Here, we introduce a microfluidic device that enables the isolation, cultivation and drug screen of primary cancer cells from unprocessed liquid biopsies of patients with cancer, with the purpose of enhancing liquid biopsy-based personalized medicine approaches. The antigen-independent dynamic capture of single, homotypic and heterotypic clusters of cancer cells using low flow rates and subsequent culture provides combined capabilities that are insufficiently achieved with other technologies. Existing approaches for primary cancer cell isolation and cultivation from liquid biopsies mostly involve preprocessing steps, which may not only lead to cell loss but can also interfere with culture success. In this context, we identified an optimal flow rate resulting in efficient isolation of viable single and clustered cancer cells, allowing us to successfully expand them and use them for drug susceptibility assays.

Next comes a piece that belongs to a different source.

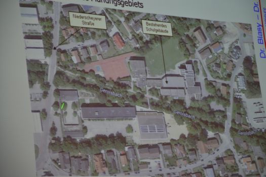 Dass die geplante neue Grund- und Mittelschule keinen zusätzlichen Hochwasserschutz für die Anlieger bietet, war für diesen Personenkreis die wenig erfreuliche Information beim Bürgergespräch, zu dem Bürgermeister Thomas Herker Schuleltern, Anlieger und Interessierte eingeladen hatte. Der Baugrund wird aufgeschüttet und zum Gerolsbach hin mit einer Mauer abgeschirmt, doch die Hochwassersituation wird sich dadurch nur minimal positiv verändern.

Currently, the clinical application of CTCs most frequently involves their enumeration and molecular phenotyping. However, a more comprehensive characterization of CTCs investigating their susceptibility to anticancer drugs in a short time is crucial to implement the concept of personalized medicine for treatment decisions. During tumour evolution, genomic instability contributes to the emergence of resistant tumour subclones, leading to highly complex genetic landscapes, especially in advanced disease stages, concurring with the inefficacy of anticancer treatments. After failure of multiple lines of therapy and tumour progression, especially in cases of tumour resistance, treatment decision guidelines are often insufficient. In contrast, our microfluidic method provides the possibility of direct small-scale drug screens with patient-derived cancer cells from liquid biopsies at virtually any disease stage. The combination of easy handling, low manufacturing costs of thermoplastics, expansion of cancer cells on-chip and the possibility of testing multiple drugs individually at the same time eliminates many challenges that previously hindered the translation of such technologies into the clinic. Future prospective studies will be needed to demonstrate the suitability of this technology for clinical decision-making in advanced cancer settings. In the long term, we envision that the “try and see” attitude that characterizes the treatment of very advanced cancers might be replaced with a more personalized, liquid biopsy-based approach for the identification of specific vulnerabilities.